Vertere CSV2RDF Mapping Language

Vertere is a tool for converting data in CSV format into RDF. The Vertere mapping language described in this document uses Turtle syntax, and is designed so as to resemble to target RDF graph as much as possible. Another design choice is to ensure that each line in the source CSV file can be processed individually, ensuring that the conversion process can be parallelised easily.

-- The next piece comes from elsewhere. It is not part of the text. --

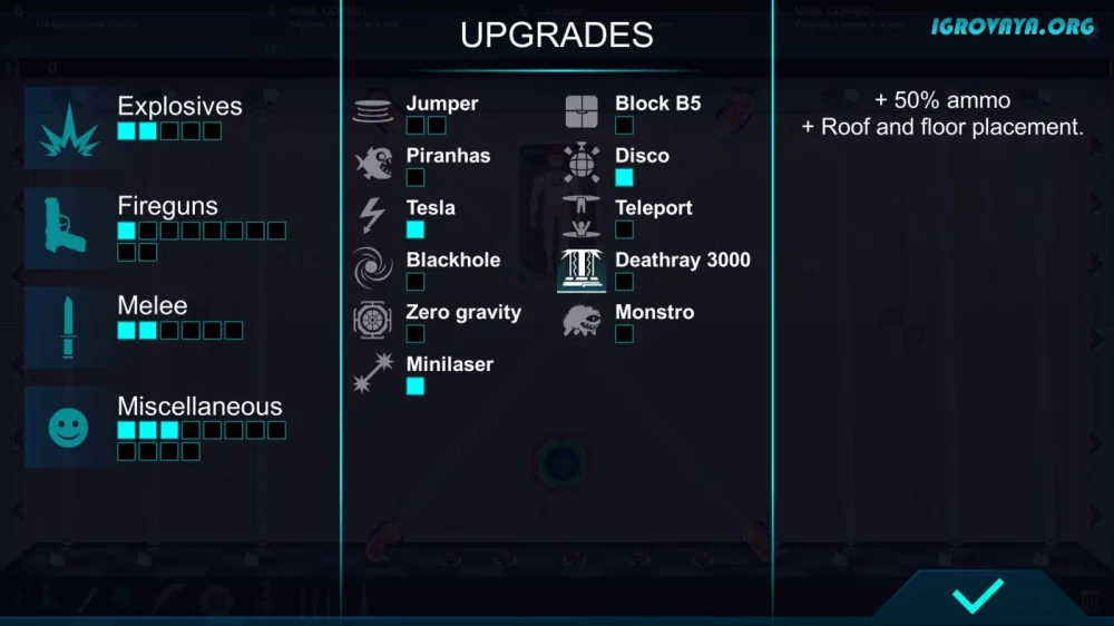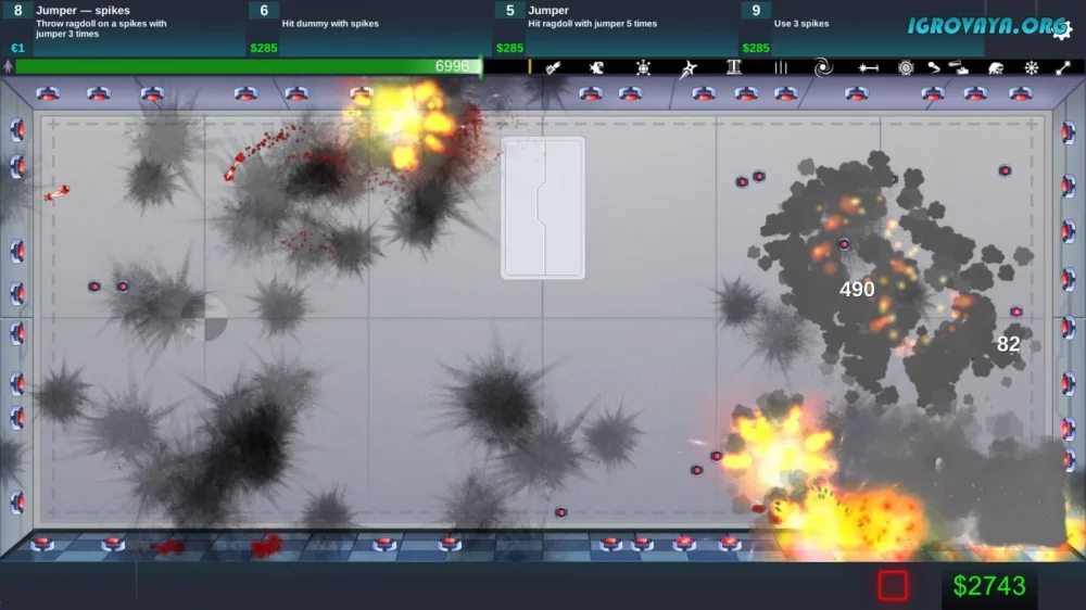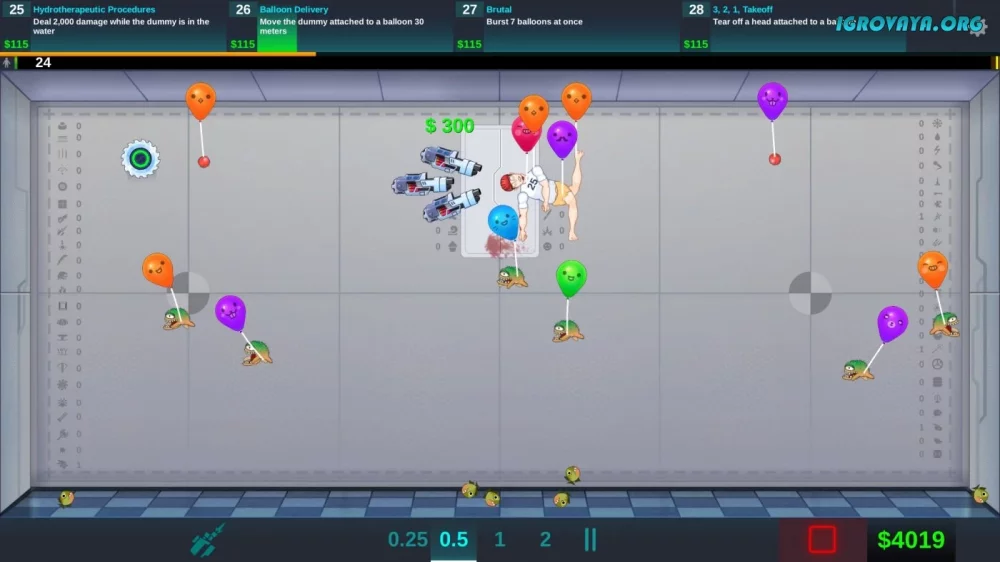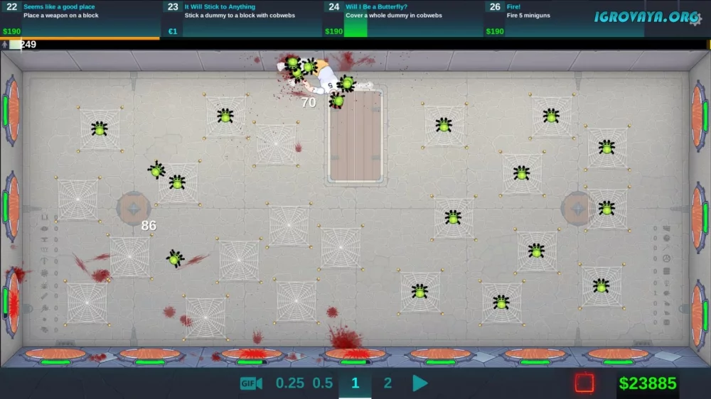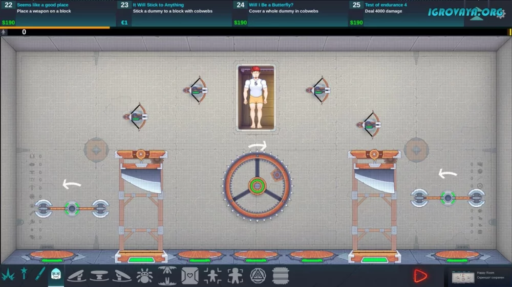 Убить в Happy Room можно по-разному – сотнями и тысячами способов. В начале вам доступны только базовые виды оружия: биты, копья, мечи, лезвия и многое другое. С их помощью вы сможете создавать циркуляционные пилы, ловушки с шипами, бьющие клона-человека, и многое другое. Чем эффектнее смерть клона, тем больше очков вы заработаете за его уничтожение. Очки можно использовать для покупки нового оружия, гаджетов и ловушек.
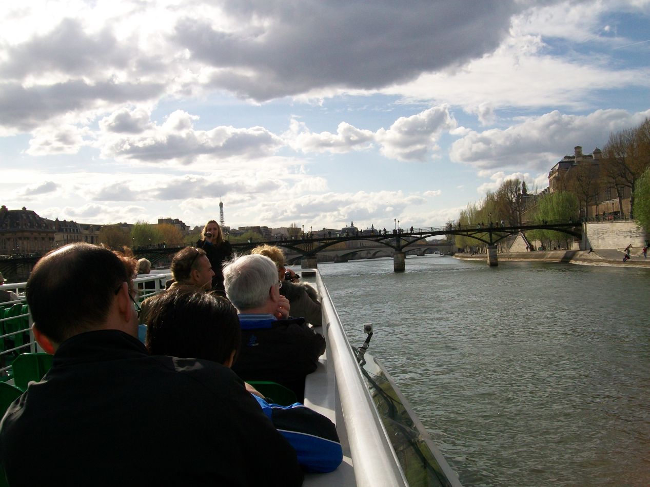 After stopping to eat lunch, we took a boat tour on the Seine to get another perspective on the city's attractions. The boat left from the western edge of the Île de la Cité, the island at the center of the city, and traveled first to the west downriver for several miles. We passed underneath a series of famed bridges, everything from the Pont des Arts to the Pont Neuf (the "New Bridge", paradoxically the oldest bridge in the city). We also passed by the Eiffel Tower again, and unfortunately the pictures that I took of the tower came out highly blurry. This was a good vantage point to see the walking paths that run alongside the river, home to vendors that sell artwork and books to passers-by. The weather was even starting to clear up and it had turned into a rather nice day.

The Verter mapping language is based on RDF. This means that everything is declared using triples, that consist of a subject, predicate and an object. Each part of a triple is a resource, which is identified by a unique URI. Each URI typically has a namespace (e.g., http://example.com/namespace/), followed by the name of the resource (e.g., Concept). In Turtle, triples are declared using the following notation:

<http://example.com/Subject> <http://example.com/predicate> <http://example.com/Object> .

This document assumes basic knowledge of RDF and the Turtle syntax. For more information, visit the W3C team submission on Turtle - Terse RDF Triple Language

Vertere Vocabulary

All Vertere-specific instructions are defined in the Vertere vocabulary namespace, which is introduced as the base namespace at the top of the conversion document. The namespace is not yet formally defined, so the user is free to fill in any URI they like.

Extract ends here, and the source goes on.